=== RECORDED INFORMATION ===

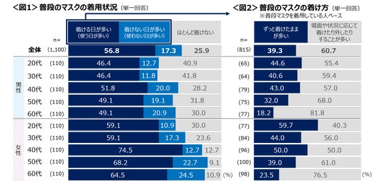 普段「マスクを着ける日が多い」人が半数超え マスクは「他人への配慮」として着用してほしい
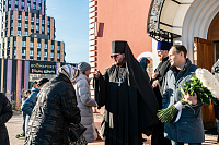 Его Высокопреосвященству сослужили благочинный Видновского церковного округа иеромонах Софроний (Горохольский), настоятель Александро-Невского храма иерей Николай Шапорев и клирики храма.
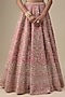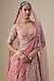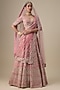 Featuring a pink lehenga in velvet base with hand embroidery. It is paired with a blouse and two dupattas. Accentuate it with statement jewellery and heels for a bridal look.

===

Output only the lines running from the top of the data above to the line with "Его Высокопреосвященству сослужили", inclusive, word for word and without pictures.

 普段「マスクを着ける日が多い」人が半数超え マスクは「他人への配慮」として着用してほしい
 Его Высокопреосвященству сослужили благочинный Видновского церковного округа иеромонах Софроний (Горохольский), настоятель Александро-Невского храма иерей Николай Шапорев и клирики храма.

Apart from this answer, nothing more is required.